## Task statement
Make an exact transcript of the lines in the data below, starting with the one containing "在选定了合适的式神之后,我们" and going on through the one containing "Отвертка Matrix Fusion", with both included and the pictures left out.

(Source records)
· · · · · · ·

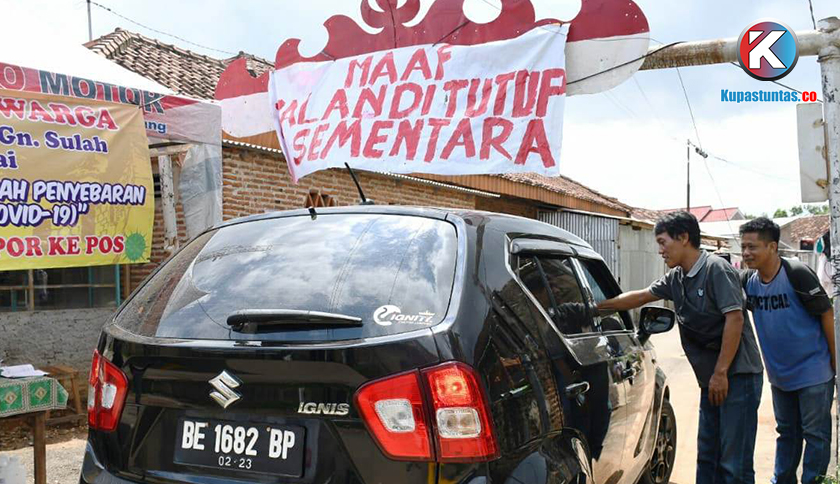 Dari pantauan Kupastuntas.co di lapangan, warga membangung posko dipintu masuk kampung, dan menghentikan kendaraan baik roda dua dan empat yang ingin masuk perkampungan tersebut yang kemudian kendaraan disemprotkan Disinfektan diwajibkan menyemprot tangan dengan antiseptic.
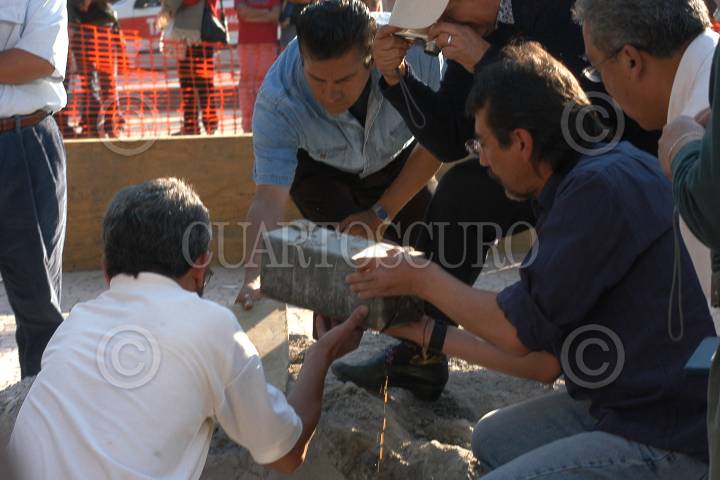 MÉXICO D.F. 26DICIEMBRE2006.- Arqueologos del INAH, recuperaron una caja tipo dedicación encontrada el sabado pasado al realizar obras donde seria reubicada la estatua de Luis Pasteur, en el parque del mismo nombre. FOTO: GUILLERMO PEREA/CUARTOSCURO.COM
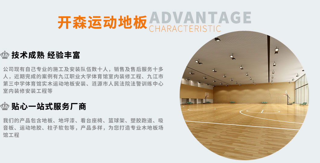 九江開森地板有限公司是集運(yùn)動(dòng)木地板生產(chǎn)、安裝與銷售一體的廠家,專業(yè)化的技術(shù)隊(duì)伍,國(guó)際先進(jìn)的施工設(shè)備,我們的管理層擁有多年體育場(chǎng)館建造經(jīng)驗(yàn),在業(yè)界獲得良好聲譽(yù)及甲方的好評(píng)。
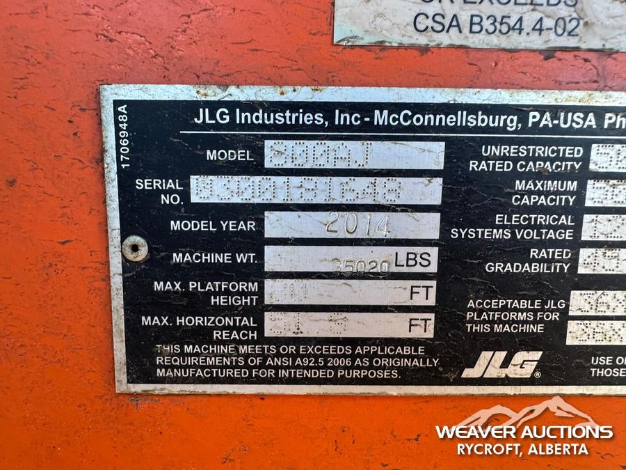 Specifications: 80 FT MAX LIFT HEIGHT, 500 LB MAX WEIGHT CAPACITY, JIB, HYDRAULIC LEVELING, POWER TO PLATFORM, DEUTZ TD2.9L4 4 CYLINDER 67 HP 2.9 L DIESEL ENGINE, 15-625 FOAM-FILLED TIRES
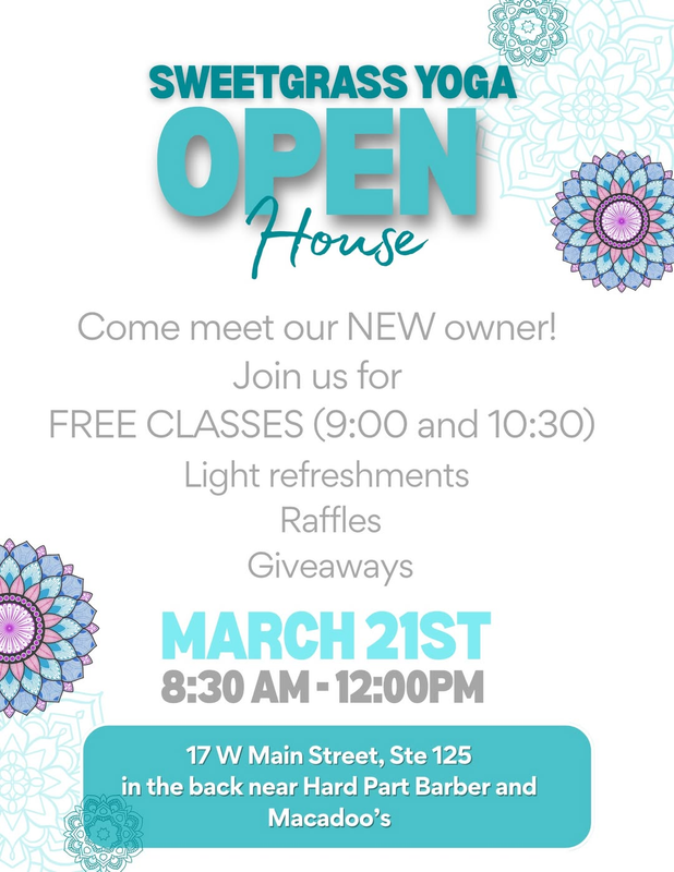 Sweetgrass Yoga presents an Open House on Saturday, March 21, 2026.
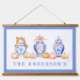 This chic wall tapestry features 3 different ginger jars with orange bows and pumpkins. The border around the card is a blue border. You can personalize with your name.
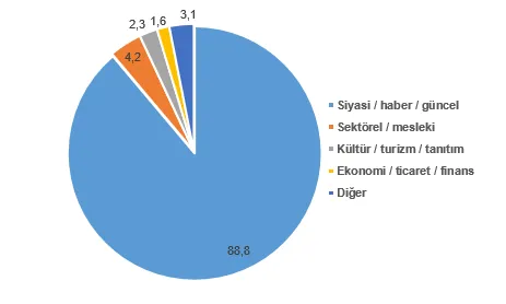 Toplam 2 bin 40 süreli yayının yüzde 88,8'i siyasi/haber/güncel, yüzde 4,2'si sektörel/mesleki, yüzde 2,3'ü kültür/turizm/tanıtım, yüzde 1,6'sı ekonomi/ticaret/finans içerikli yayımlanırken, yüzde 3,1'i ise diğer içerik türlerinden yayımlanmıştır.
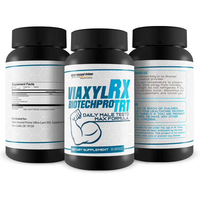 Viaxyl Rx BiotechPro Trt - Natural Testosterone Booster for Men and Women - Daily Male Testo Max Formula - Our Biotech Pro Pills are Herbally Formulated to Support the Production and Release of Natural Testosterone - Feel Youth, Power, and Energy
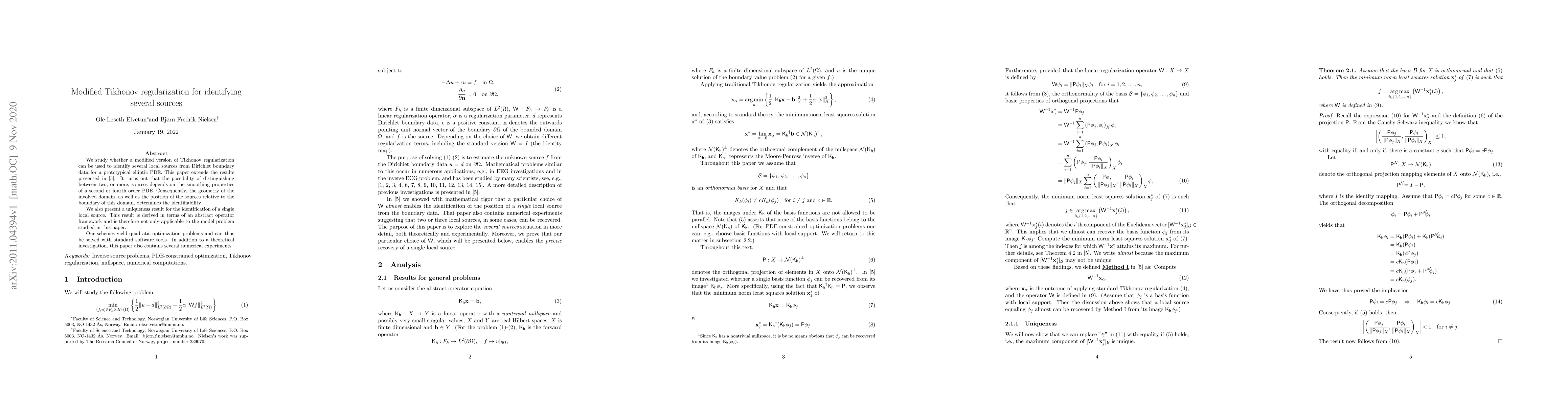 We study whether a modified version of Tikhonov regularization can be used to identify several local sources from Dirichlet boundary data for a prototypical elliptic PDE. This paper extends the results presented in [5]. It turns out that the possibility of distinguishing between two, or more, sources depends on the smoothing properties of a second or fourth order PDE. Consequently, the geometry of the involved domain, as well as the position of the sources relative to the boundary of this domain, determines the identifiability. We also present a uniqueness result for the identification of a single local source. This result is derived in terms of an abstract operator framework and is therefore not only applicable to the model problem studied in this paper. Our schemes yield quadratic optimization problems and can thus be solved with standard software tools. In addition to a theoretical investigation, this paper also contains several numerical experiments.
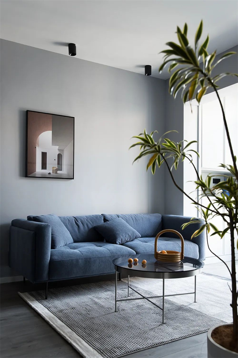 客厅采用无主灯设计风格,在顶面四周设置筒灯,布置出一个简洁大方的空间;再搭配上现代舒适的家具,让空间充满时尚优雅的气质。柔软的沙发搭配精致的咖啡桌,墙上挂着一些抽象装饰画,为空间增添了一些艺术气息。
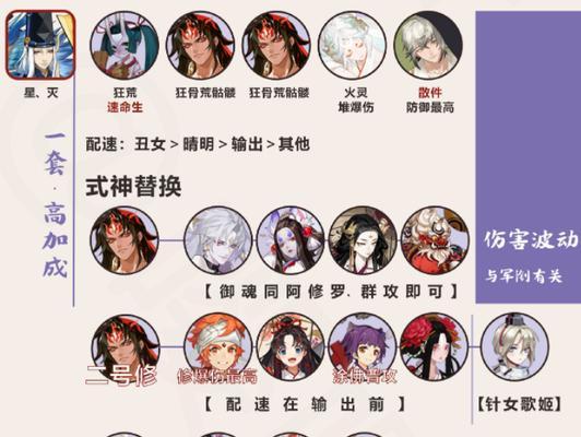 在选定了合适的式神之后,我们需要将他们安排在合理的阵容中。建议选用两个输出、两个控制、一个治疗的阵容。治疗式神可以选择雪女、酒吞童子等等。
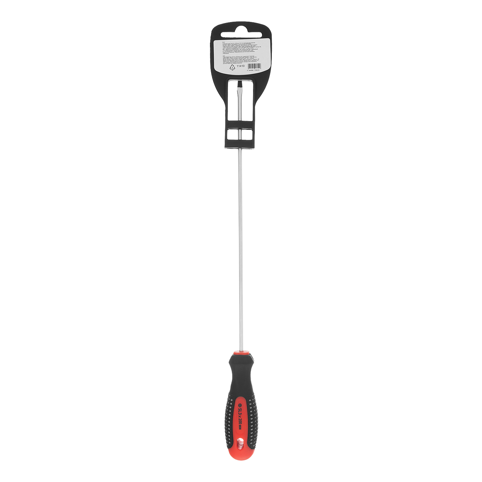 Отвертка Matrix Fusion 11410 под шлиц SL3,0, со стержнем длиной 200 мм, из стали CrV, с 3-компонентной рукояткой «anti slip», предназначена для завинчивания и отвинчивания резьбового крепежа со шлицем Slotted «минус». Рассчитана на профессиональное использование, используется для ремонта автомобилей, монтажа конструкций и решения других задач. Стержень длиной 200 мм делает отвертку оптимальным инструментом для работы с крепежом в значительных углублениях.
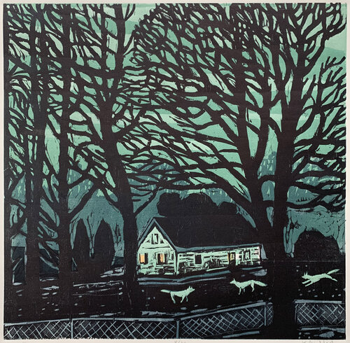 My surroundings offer endless subject matter; my three dogs, two cats, my wife Peggy, the lake, the woods, birds, flowering trees, neighbors goats, the list goes on and on. My work usually starts with an observation or a quick sketch. The images that I sketch then become a leaping point for the exploration of aesthetic qualities. Mark making is the main focus in my woodcut prints, while surface and paint application are the main focus in my paintings.
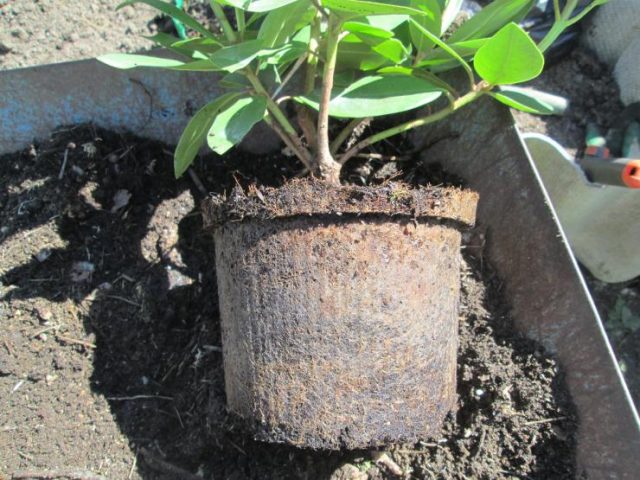 Das Wurzelsystem des Rhododendrons ist faserig und erweitert sich in der Breite. Daher wird ein großes Loch zum Pflanzen vorbereitet, das um ein Vielfaches breiter als die Größe des Sämlings ist. Die Grube ist mit einem sauren Substrat gefüllt. Dazu werden dem aus der Grube entnommenen Gartenboden Bestandteile hinzugefügt, die eine Säurereaktion hervorrufen: roter Hochmoor-Torf, Kiefernstreu.

· · · · · · ·

## Answer box
 在选定了合适的式神之后,我们需要将他们安排在合理的阵容中。建议选用两个输出、两个控制、一个治疗的阵容。治疗式神可以选择雪女、酒吞童子等等。
 Отвертка Matrix Fusion 11410 под шлиц SL3,0, со стержнем длиной 200 мм, из стали CrV, с 3-компонентной рукояткой «anti slip», предназначена для завинчивания и отвинчивания резьбового крепежа со шлицем Slotted «минус». Рассчитана на профессиональное использование, используется для ремонта автомобилей, монтажа конструкций и решения других задач. Стержень длиной 200 мм делает отвертку оптимальным инструментом для работы с крепежом в значительных углублениях.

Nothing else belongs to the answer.